Но это был еще не конец. Джо, прежде чем упасть, нашел применение и отбитому горлышку. Его умелое обращение с бутылкой вынудило пришельцев защищаться. На ком-то этой ночью остался кружок диаметром два дюйма, оставленный бутылкой, вошедшей в плоть, как ключ в смертный замок. Вместе с кровью на осколках стекла виднелись клочья мяса. Того, кто останется жив после такой раны, определенно хранит судьба. Здесь было чем заняться хорошему судебному медэксперту вроде Кларенса Инга. Кларенс воспроизведет сцену с замечательной точностью. Кларенсу в последнее время хватает работы.

Крик, верно, был страшный. Джон, если расслышал его в адреналиновом бешенстве, должен был узнать в нем свой успех. И драка, должно быть, стала еще более жестокой.

Но убийство Джона не входило в их планы, и в этом смысле он победил в сражении. Может быть, они опять убили, не добившись желаемого. Без сомнения, быстрая реакция Джона поторопила его смерть. Можно было надеяться, что его инстинкты сильно отяготили положение креола. Быть может, сознание этого и вызвало улыбку, застывшую на лице Джона. Может быть, сдаваясь смерти, он сознавал, что по меньшей мере один из врагов тяжело ранен.

Большой мольберт, стоявший слева от места, где сидели мы с Джоном, остался стоять, хотя его развернуло на треножнике.

На полу рядом с ним я нашел обойму, полную патронов двадцать пятого калибра. Подняв перевернутый стул, нашел коробку из-под патронов, смятую и пустую. Гильзы, смятые тюбики с краской, одежда, страницы блокнота и разбитое стекло разлетелись по всему полу. Я и сам оставил в избытке следов. Найдутся и следы ног в крови, и волокна в виски, и отпечатки пальцев повсюду. Кларенс их отсортирует. Но ко времени, когда Бодич до меня доберется, будет уже все равно. К тому времени все кончится, так или иначе.

Под стулом, оставшимся на месте, на котором я сидел во время последнего визита, я нашел пистолет для стрельбы по мишеням. С пустой обоймой. Я заменил ее на полную и загнал патрон в ствол. Не пушка, конечно, но ведь пушки нужны тем, кто не умеет стрелять. Я заткнул пистолет за пояс. Назовите меня глупцом: мне сразу стало легче.

Потом я еще раз обошел студию.

Они перерыли все. На чердачке из бюро и гардероба выбросили всю одежду; матрас был вспорот, пружины вырваны с корнем. Вся коллекция компакт-дисков оказалась на полу; экран телевизора разбит. Они сорвали занавески душевой кабины и оторвали от стены мыльницу. Крышка туалетного бачка, разбитая, лежала на полу. Две-три картонные перегородки проломили ногами.

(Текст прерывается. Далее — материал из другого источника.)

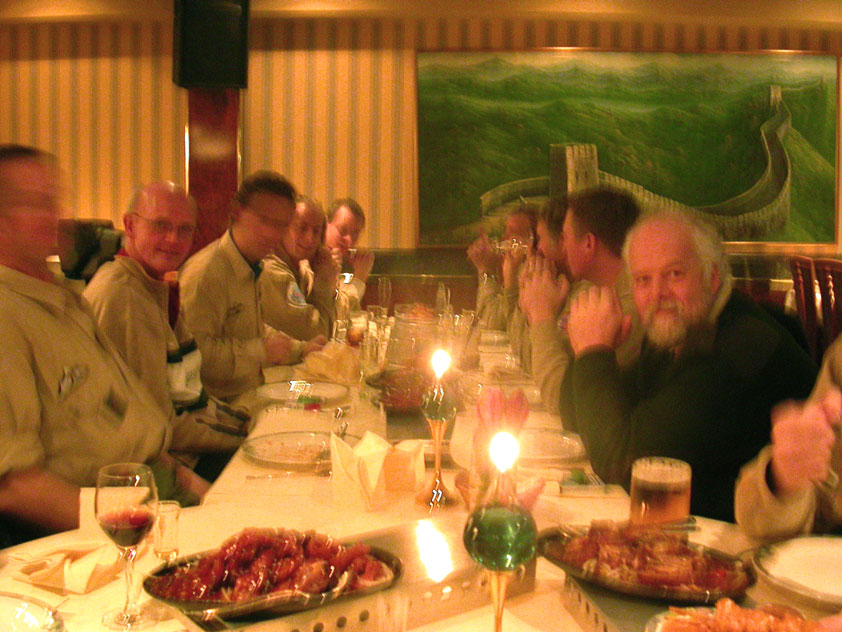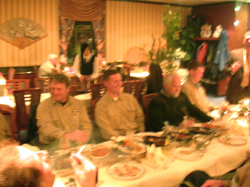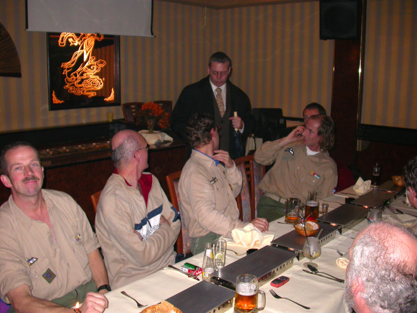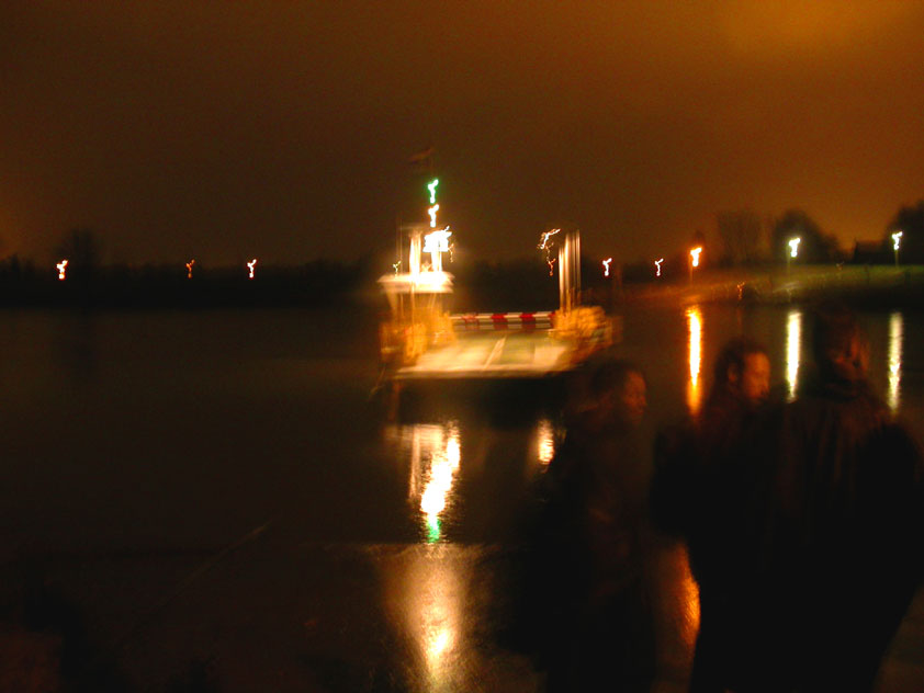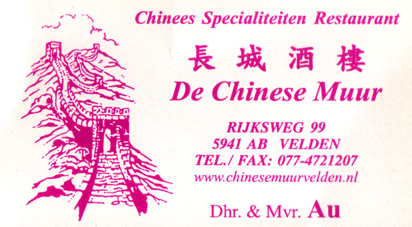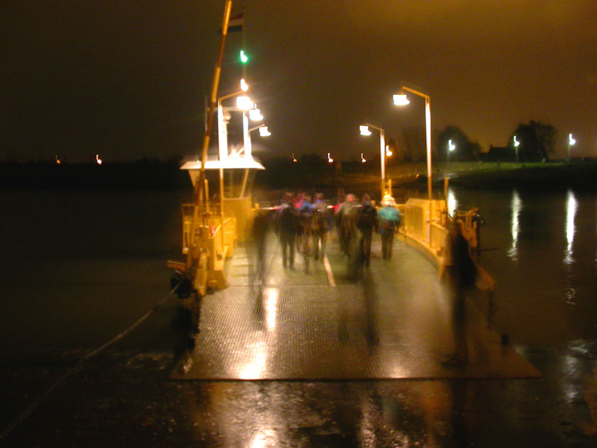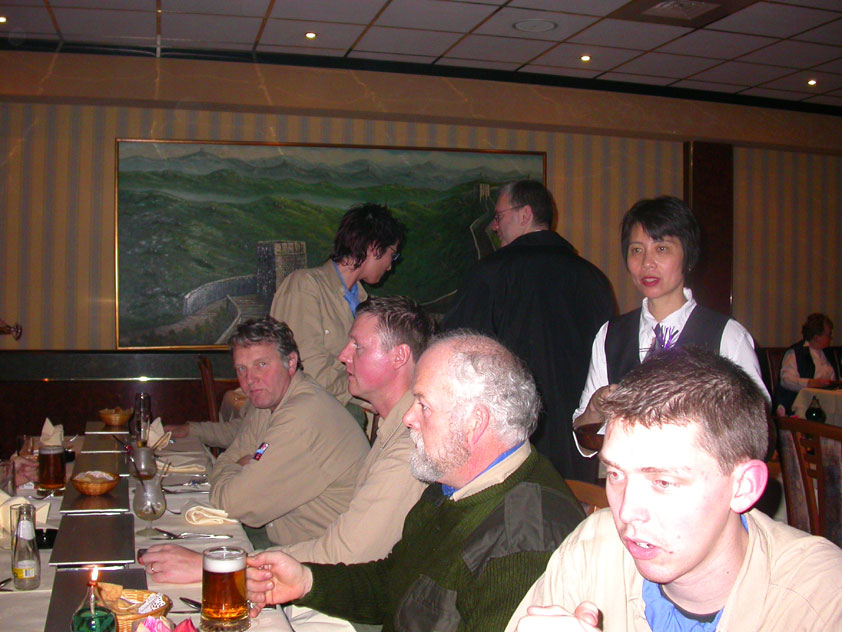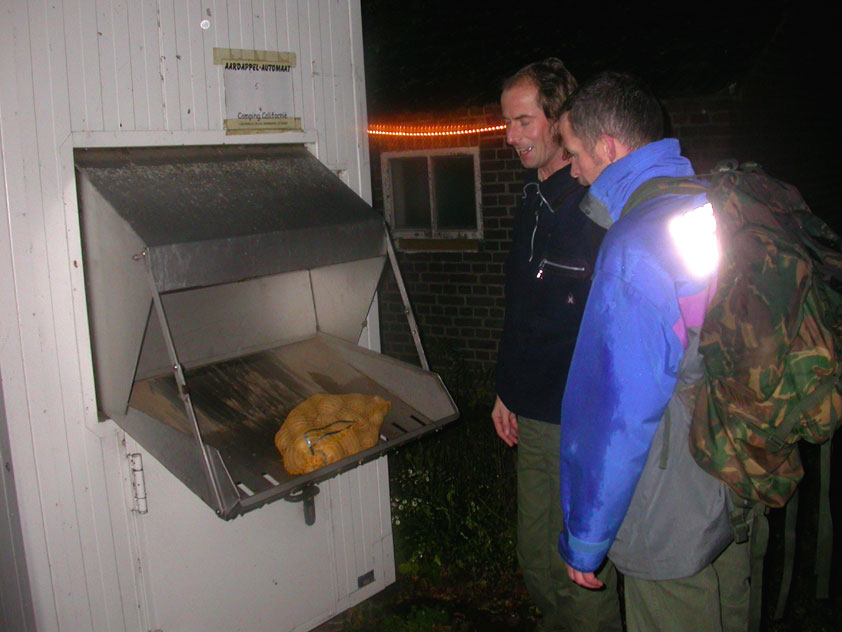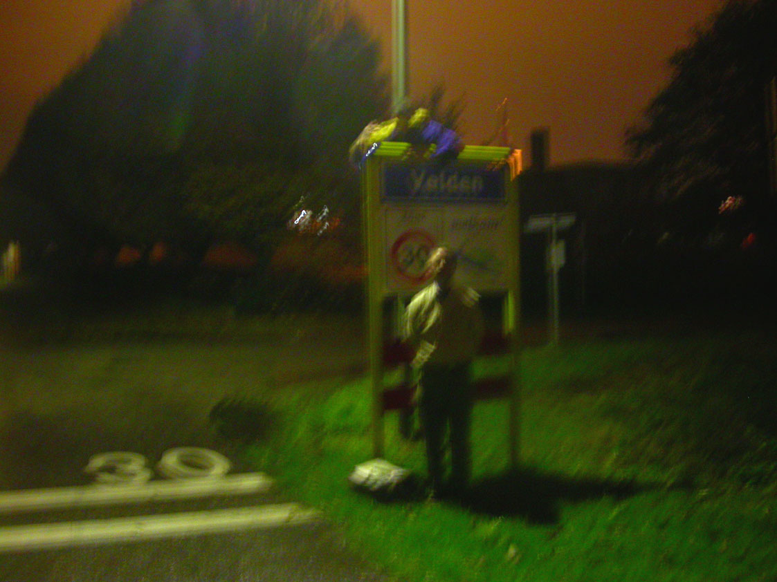 Not yet recovered from this sottery, we ran, just before the ferry to Velden, into a potatoe-machine! Dumbfounded, Marco van Zijntergen and Albert decided to activate the machine, to see what would it would produce. This turned out to be, for relatively little money, a sizable bag of potatoes! Bloody wonderful, and reason for Albert to happily carry it home. Well done, son. The ferry to Velden, thereupon, turned out to be the source of so much fun, in the pitchblack dark and pouring rain, that we spontaneously forgot about that rain. And this continued, as we tore into the village centre, loudly singing the Wandelsoc.-song. It must have been a terrifying racket. In Restaurant 'De Chinese Muur' (Chinese Wall) we then hit the chow, and it was satisfactory. Because the quality was excellent, better for sure, than in the wokrestaurant of the same name in Plasmolen, where we had, to please Marco Neumann (who had, for march upon march, been nagging about a Chinese meal), dined at the end of leg 12. This Wall too, we therefore decided to level, to please Neumann, but that, in hindsight, turned out to be a pearl, before the swine: because Neumann wasn't with us at all, today. Dog breath (but oh, he did miss the utterly pleasant waitresses, his own fault)! Who was there, or in any case arrived there, was Ronald Fischer. He had not marched along at all today (nor had he the time before, by the way). This because he had scored a 22 year old girlfriend, and that girlfriend was Article 31 reformed, so that meant church twice on Sundays, and no marching for him. But it also had its advantages, and this was what Fischer had come to show us. "Guys, I'm really only here to show you my dick. Y'all really have no idea what a hard time it has with a girlfriend like that! Up yours!"

Внизу, в свете опустошенного холодильника я рассмотрел, что они дошли до того, чтобы вывернуть из-под раковины сифон. Коробку с чистящими и моющими средствами свалили на пол. От микроволновки оторвали заднюю панель. Две проволочные решетки для гриля лежали на полу перед открытой дверцей духовки. Баночки со специями и майонезом, пакетики из фольги, вскрытые и скомканные, валялись на столике для нарезки мяса. Все ящики остались открытыми: ложки, вилки и битая посуда усеивали пол. И здесь тоже пролилась кровь. Некто с двухдюймовым проколом в организме вложил в свой труд излишки гемоглобина.

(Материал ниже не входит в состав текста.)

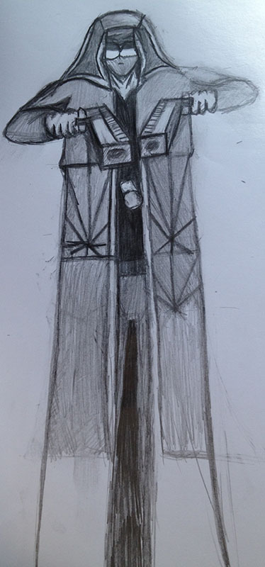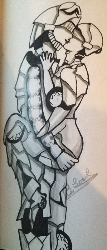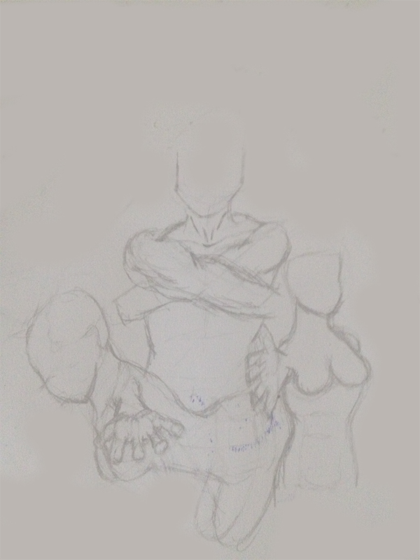 Das neue Bild ist für mich schon allein wegen der sehr energischen Strichführung und -stärke interessant anzusehen. Die Metallpartien der Rüstungen (oder Körper?) sind durch die Bleistiftschraffur auch als solche zu erkennen, nur wirken sie durch diese ungleichmäßigen Outlines etwas organisch, wie Laub oder so. Jedenfalls nicht so starr wie eine Rüstung, die aus genau gleichen, linearen Teilen besteht. Ist ein Aspekt, zu dem man sich alles mögliche denken kann, wenn man ihn nicht gleich als "Fehler" sieht, zum Beispiel eben, dass die Leute eher Metall sind, als es anzuhaben.

В студии они перерыли папки, кисти, краски, вертящуюся подставку для слайдов и книги, которых здесь было порядочно. Обивка мебели вспорота, не забыли и запасную нишу на заду «эксплорера».

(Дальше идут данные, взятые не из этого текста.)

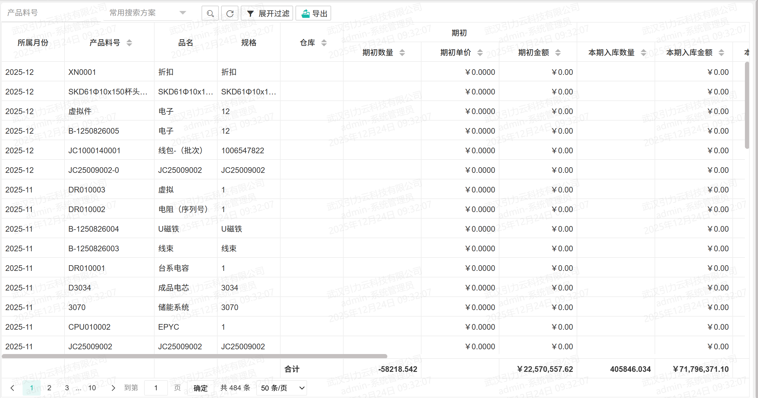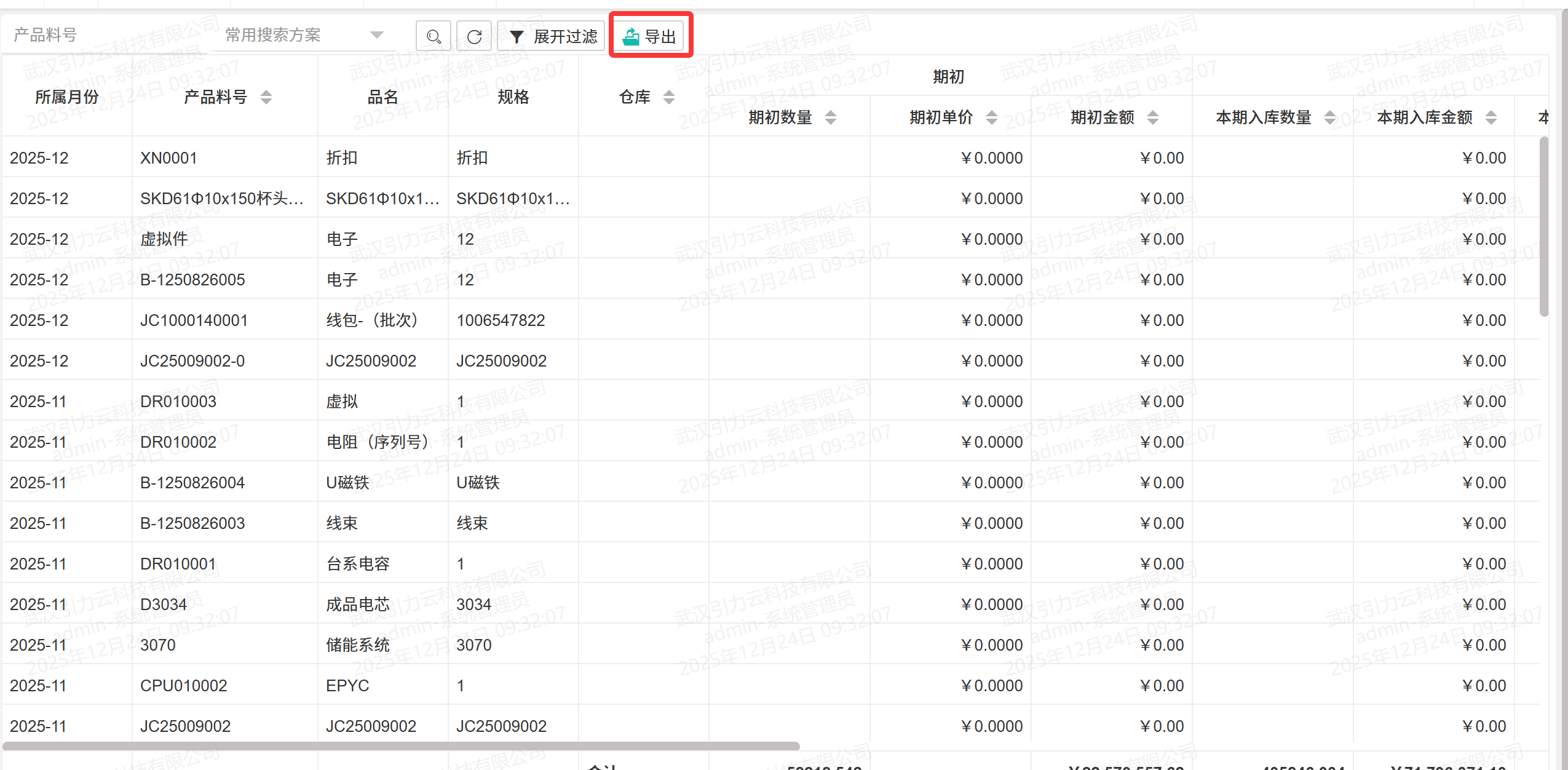 【库存余额】每一种物料/货品的实时结存数量、状态与价值的静态快照,是所有库存流动的最终结果体现。 ==报表勒缺少数据来源和计算的说明==  ## ● 库存余额导出 操作步骤: 1. 进入【仓库管理】>【仓库管理】>【库存余额】。 2. 单击【导出】按钮。

Сумей они захватить его живым, Джон, может, и сказал бы посетителям, где искать.

А может и нет.

Губы Джона растянулись, приоткрыв зубы.

«Нет, — словно бы насмехался рот, — они не получили того, за чем пришли. И кое-кого я достал, не дурно для расслабленного пожилого пьянчужки, а, Дэнни?

А?

А, Дэнни?..»

XXX

Хотя «Рамми нэйшн» стояла на приколе всего в двадцати кварталах от студии Джона Пленти, их разделял целый мир. Без четверти шесть студию Джона, выходившую на восточный склон холма Портреро, скрывала ночь. А пять обветшалых причалов лодочной гавани Майка смотрели прямо на холмы Окленда за десятью милями залива. По этому гладкому водному пространству скользили лучи показавшегося солнца, отскакивая, как от стекла, от шелушившейся фанерной вывески.

ОБРОСЛО ДНИЩЕ?
ЗВОНИТЕ В «УСЛУГИ МАЙКА»
Мы ныряем
Мы скребем
Мы недорого берем
Винты, днища, течи, буксировка, запчасти, ремонт
ТЕЛ. 1-800 WET-BUTT
ОЦЕНКА БЕСПЛАТНО.

Картинка изображала двух ныряльщиков в масках с трубками, оглаживающих оторопевшую русалку.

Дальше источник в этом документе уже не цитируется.